前回の最後にも言わせてもらいましたが引き続き鈴音がやらさせていただきます。


シリーズ的になっていましたが、そのシリーズも今回で終わりです。


ハッピーエンドで終わればいいですが・・・


では、どうぞ。



渉君がお風呂に入って次は私が入っている。


渉君が入ったお風呂・・・いつも入っているのに全然別物に感じてしまう。


髪と身体を洗って湯船に浸かっている。私はかなり長くお風呂にいる。入浴してるとかなりリラックスできて、疲れとかストレスとかも自然に取れてゆく。


でも、今はちょっと特別かな。


お風呂は好きだけど今日は早々に出た。
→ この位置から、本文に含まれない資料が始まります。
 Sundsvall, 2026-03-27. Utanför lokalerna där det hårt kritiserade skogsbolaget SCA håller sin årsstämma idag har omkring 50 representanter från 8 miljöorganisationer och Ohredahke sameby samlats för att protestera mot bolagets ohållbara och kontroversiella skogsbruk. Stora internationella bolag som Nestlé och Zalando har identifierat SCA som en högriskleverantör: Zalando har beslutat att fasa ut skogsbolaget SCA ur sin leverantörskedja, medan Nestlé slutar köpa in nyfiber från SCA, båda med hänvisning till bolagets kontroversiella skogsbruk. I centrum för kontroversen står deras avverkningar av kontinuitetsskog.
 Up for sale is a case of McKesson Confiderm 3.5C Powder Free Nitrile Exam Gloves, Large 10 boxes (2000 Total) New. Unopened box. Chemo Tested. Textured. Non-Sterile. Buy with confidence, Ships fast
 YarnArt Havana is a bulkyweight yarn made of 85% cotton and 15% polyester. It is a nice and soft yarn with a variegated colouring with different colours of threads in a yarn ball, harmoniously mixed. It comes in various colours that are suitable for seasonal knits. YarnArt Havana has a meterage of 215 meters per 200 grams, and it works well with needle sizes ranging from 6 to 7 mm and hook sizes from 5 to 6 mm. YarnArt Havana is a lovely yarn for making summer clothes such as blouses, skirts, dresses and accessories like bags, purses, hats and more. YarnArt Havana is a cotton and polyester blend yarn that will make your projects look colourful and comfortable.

渉君を待たせちゃいけないし、これ以上身体が熱くなると耐え切れないから。


私はお風呂を出て体を拭いて、自分の部屋に向かった。


部屋に戻ると渉君は私の部屋をあさることもなく、ソワソワしているわけでもなく、普通に横になって寝ていた。


やっぱり渉君らしいなぁ。逆の立場だったら落ち着かないよ。


あ、そうだ。渉君お客さんなんだからもてなさないと、渉君が起きるまでに私の手料理を作ろう。


部屋から出てキッチンに来た。


・・・料理って何をどうすればいいんだろう?そういえば私、料理なんてほとんどやったことないんだった。


とりあえず何か材料を探さないと・・・にんじん、玉ねぎ、ジャガイモ、豚肉・・・カレーかな。
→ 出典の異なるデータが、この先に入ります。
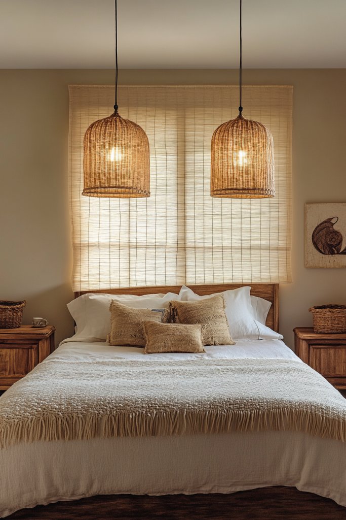 Imagine pendant lights made from rattan, bamboo, or woven fibers hanging above your nightstands or bed. The textured shades cast delicate shadows, creating a cozy, intimate atmosphere. The organic materials add warmth and nature-inspired charm, blending seamlessly with earthy or boho decor. The soft, diffused light enhances textures and colors in the room.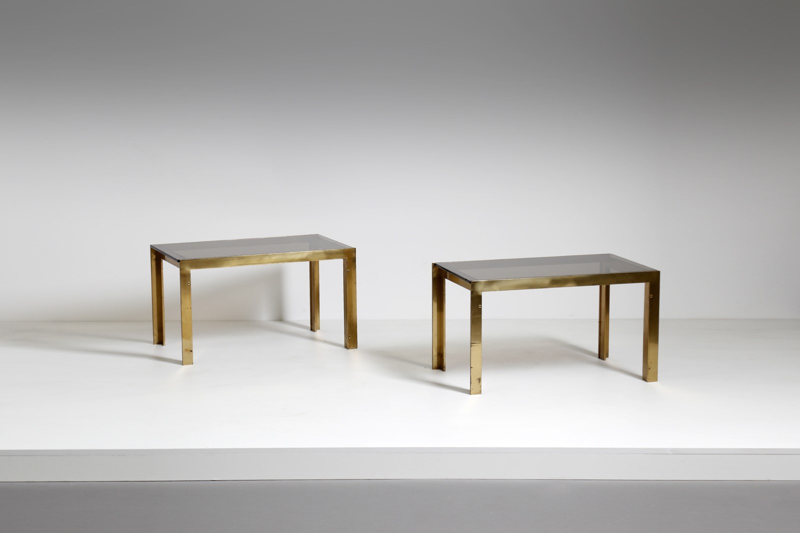 FONTANA ARTE (attribuito) Coppia di tavolini anni '60. Ottone e cristallo molato.. Cm 70,00 x 40,00 x 41,00.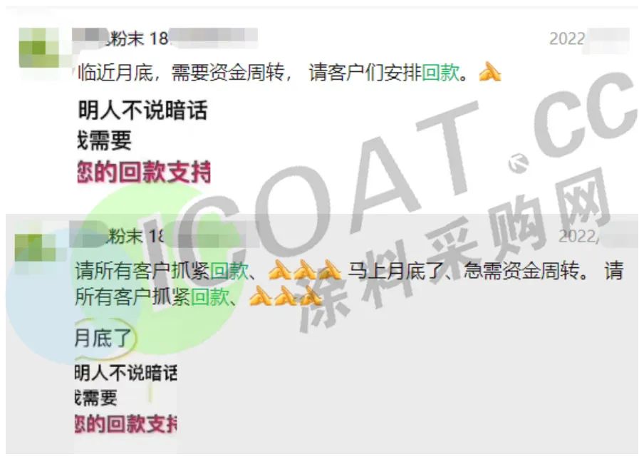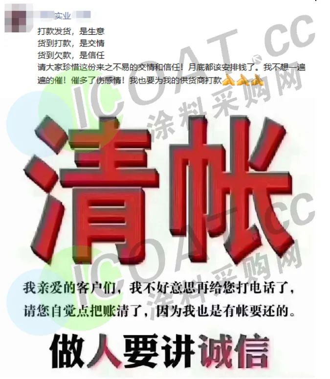 另有多家涂料、化工企業(yè)為了緩解貨款壓力,誠懇請求未付款的客戶抓緊時間安排回款。

カレーは作ったこと無いけど多分簡単だし、料理下手な私でもできるはず。


さてまずはジャガイモの皮をこう。


確かピーラーって調理器具使うんだよね。ピーラーなんてあったっけ、これかな?


私はジャガイモの皮を剥き始めたけど、進まない。でこぼこしてるからやりづらいし種があるから取らないといけないし。


体感時間的に30分ぐらい経ってようやく皮を剥き終えた。料理ってこんなに大変なんだ。


気を取り直して次は玉ねぎね。玉ねぎの皮を剥いて縦に切った。


玉ねぎって線があるけどこの線通りに切ればいいのかな?でもそれだと太すぎるかな。だったらこの線から約2ミリから3ミリずらしたらちょうどいいかな。


玉ねぎを切り始めるとなんだか涙出てきた来た。玉ねぎって涙出るんだ、知らなかった。


涙のせいで前が見えない・・・


「痛っ!」


指を切った、血が出てる。慣れないことしたらこうなるんだ。


絆創膏ばんそうこうあるかな・・・


「大丈夫か?」


寝ていた渉君が絆創膏を持ってキッチンに来ていた。


「渉君、寝ていたんじゃ」


「起きて痛って聞こえたから指を切ったって思って絆創膏持ってきた」


全部当たってる、勘がするどすぎるよ。


「あ、ありがとう」


持ってきてくれた絆創膏を切れた指に貼って


「絆創膏持ってるんだ」


「何かあった時のためにな。必要最低限のものは大体カバンに入ってる」


女子力高過ぎる。私なんかよりも気を配れる人なんだ。


「カレー作ってたのか」


「なんでそんなことまで」


「材料見ればわかる」


そう言ったら切りかけている玉ねぎを慣れた手つきで切り始めた。


早いし丁寧。すごい、あっという間に切り終わったよ。


「料理できるの?」


「親が共働きだからある程度はできる。それに妹もいるからやらないとうるさいしな」


私の家も共働きなのに、私はお母さんが帰ってきてから料理をするからしないの。その間も勉強してるし。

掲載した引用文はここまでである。